*Supplied data*
╔══

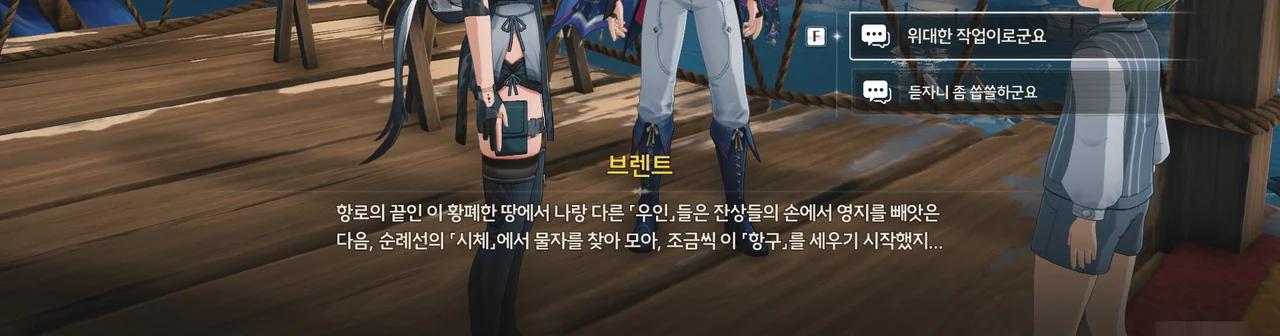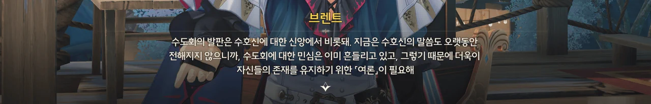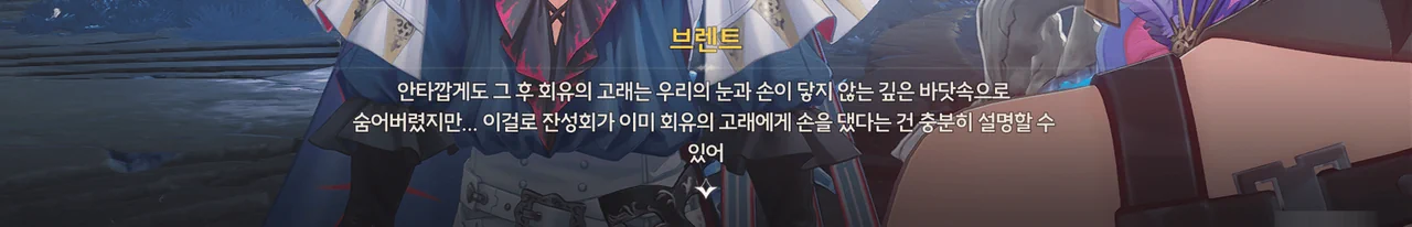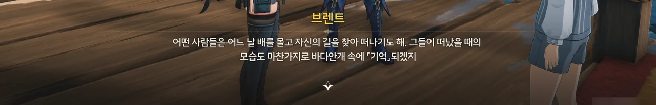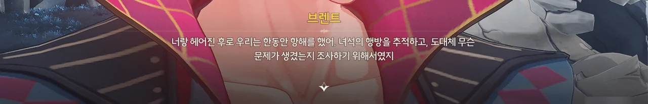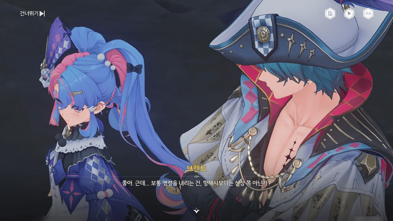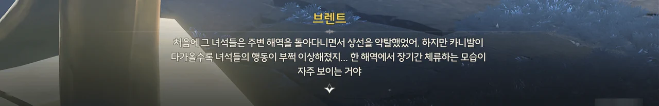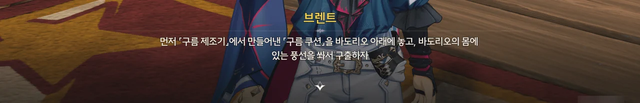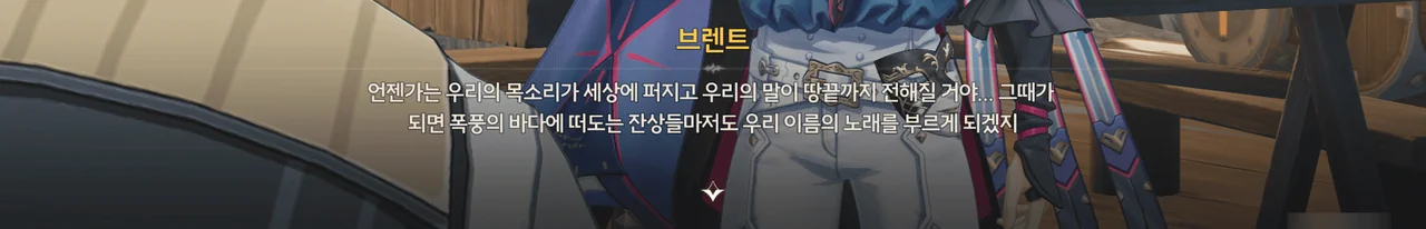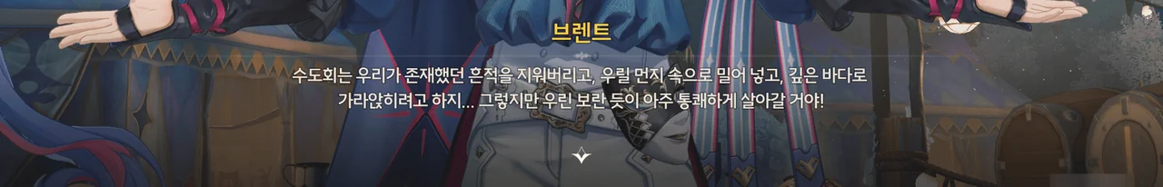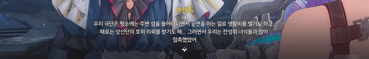 브렌트 보통 명령을 내리는 건, 항해사보다는 선장 쪽 아닌가? 로코코 불만이 있다면 브렌트가 술을 숨겨놓은 곳을 극단 멤버들한테 폭로할 거예요. 브렌트 맡겨만 주시죠, 일등 항해사님!
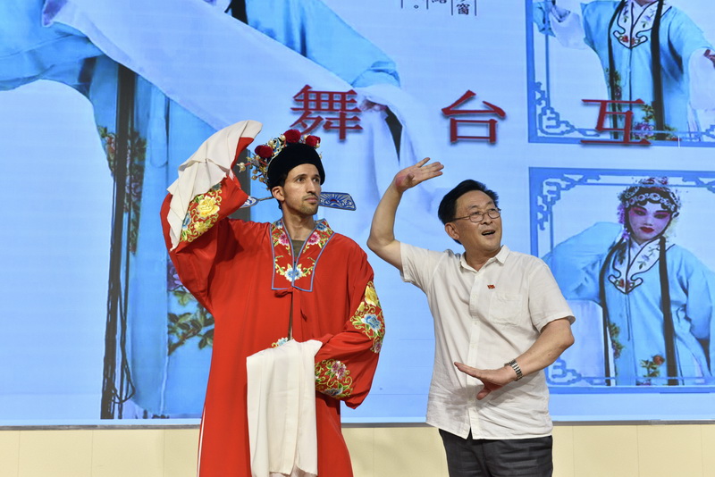 6月25日,环亚在线官网举办“体验戏曲魅力 传承经典艺术”传统文化进校园活动,200余名研究生和留学生现场体验国家级非物质文化遗产——茂腔戏曲文化,跟随茂腔非遗传承人学习戏曲的唱、念、坐、打基本功,通过戏曲学习、戏曲体验、戏曲赏析等形式,感受戏曲的艺术魅力。
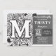 Black and White Monogram Tattoo Flowers Birthday Invitation
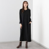 しっかり体形カバー、でも決して野暮ったくない。縦長ラインで視線を上へ導き、シャープな印象を与えます。
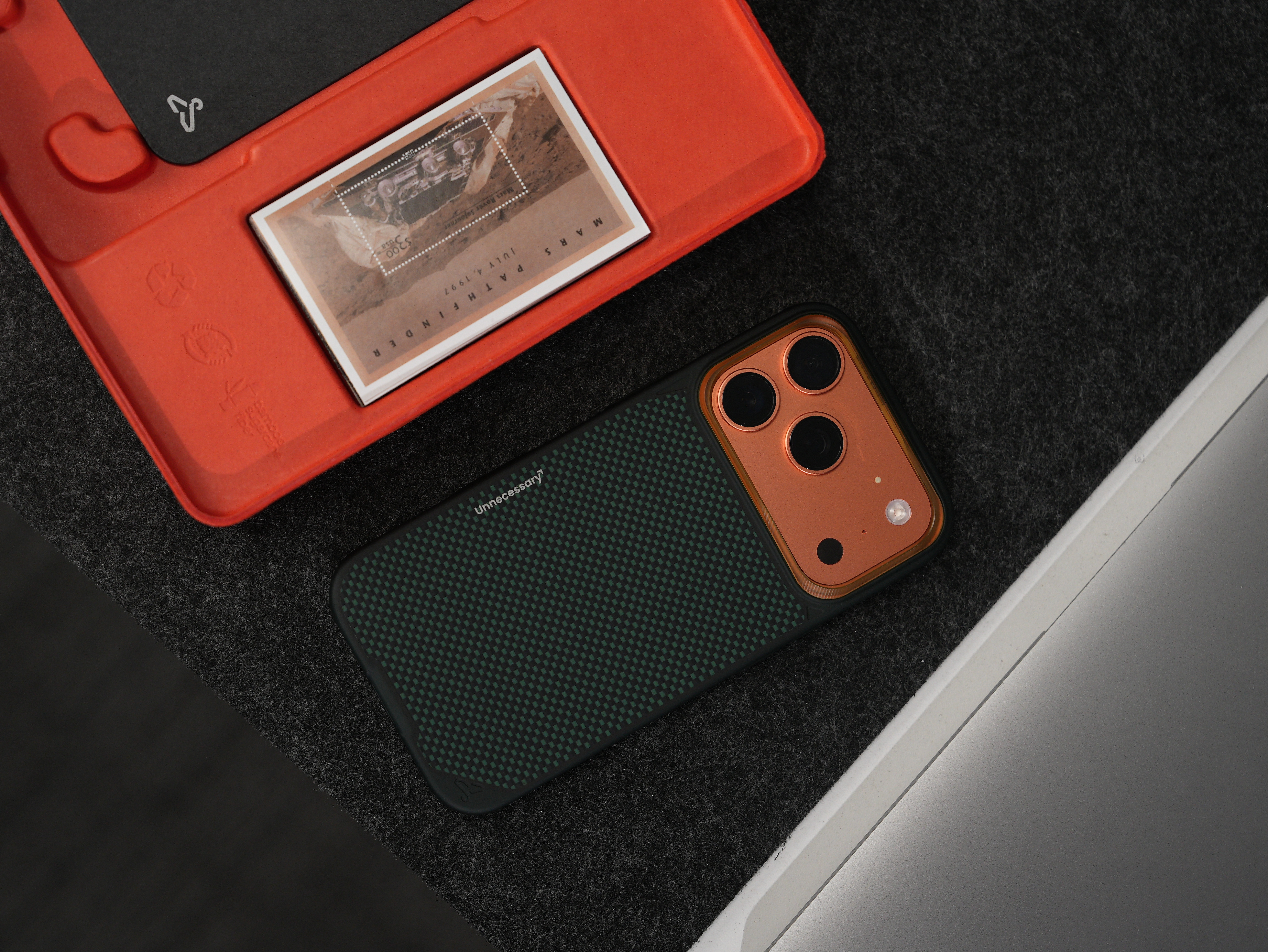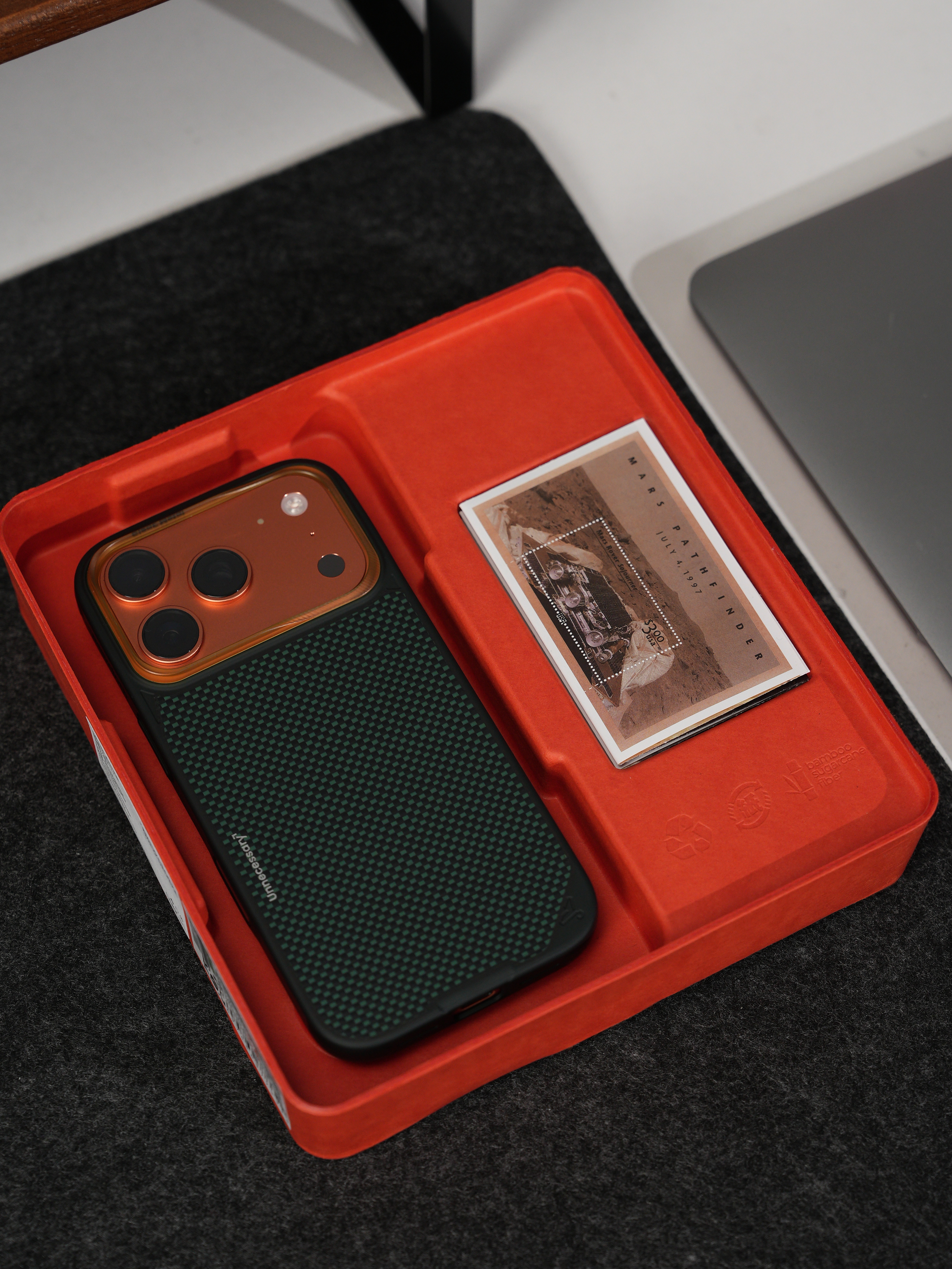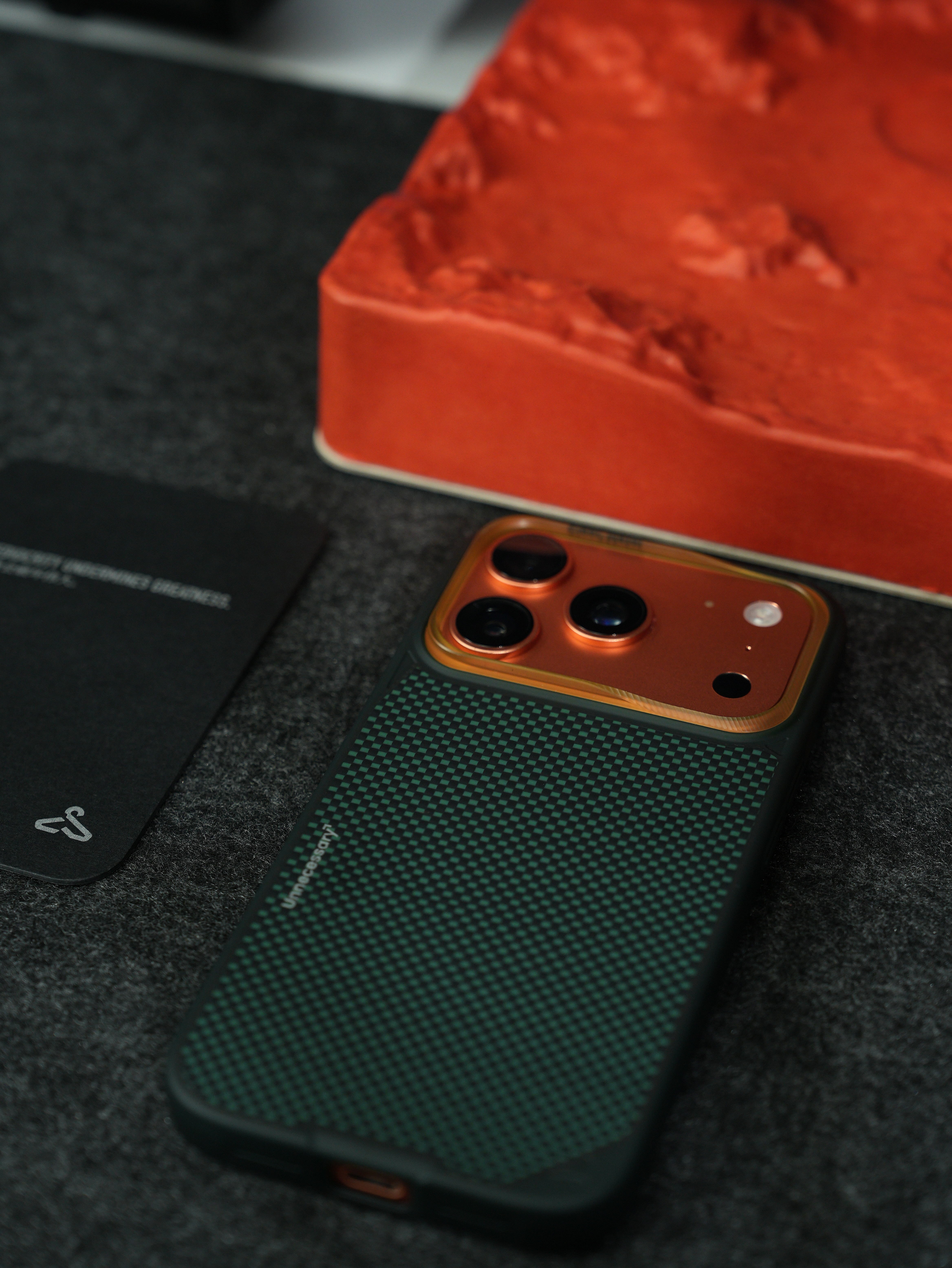 我用的这款iPhone17 Pro 版本才 21 克,拿在手上几乎感觉不到额外负担。而且它用的 Ultem 晶体松脂,全包设计,不怕手滑坠落磕碰脆弱的铝合金边框(没钛强度高)。

╚══

*Task prompt*
Pictures included in the data should be dropped; everything else must be repeated exactly.

*Problem solution*
 브렌트 보통 명령을 내리는 건, 항해사보다는 선장 쪽 아닌가? 로코코 불만이 있다면 브렌트가 술을 숨겨놓은 곳을 극단 멤버들한테 폭로할 거예요. 브렌트 맡겨만 주시죠, 일등 항해사님!
 6月25日,环亚在线官网举办“体验戏曲魅力 传承经典艺术”传统文化进校园活动,200余名研究生和留学生现场体验国家级非物质文化遗产——茂腔戏曲文化,跟随茂腔非遗传承人学习戏曲的唱、念、坐、打基本功,通过戏曲学习、戏曲体验、戏曲赏析等形式,感受戏曲的艺术魅力。
 Black and White Monogram Tattoo Flowers Birthday Invitation
 しっかり体形カバー、でも決して野暮ったくない。縦長ラインで視線を上へ導き、シャープな印象を与えます。
 我用的这款iPhone17 Pro 版本才 21 克,拿在手上几乎感觉不到额外负担。而且它用的 Ultem 晶体松脂,全包设计,不怕手滑坠落磕碰脆弱的铝合金边框(没钛强度高)。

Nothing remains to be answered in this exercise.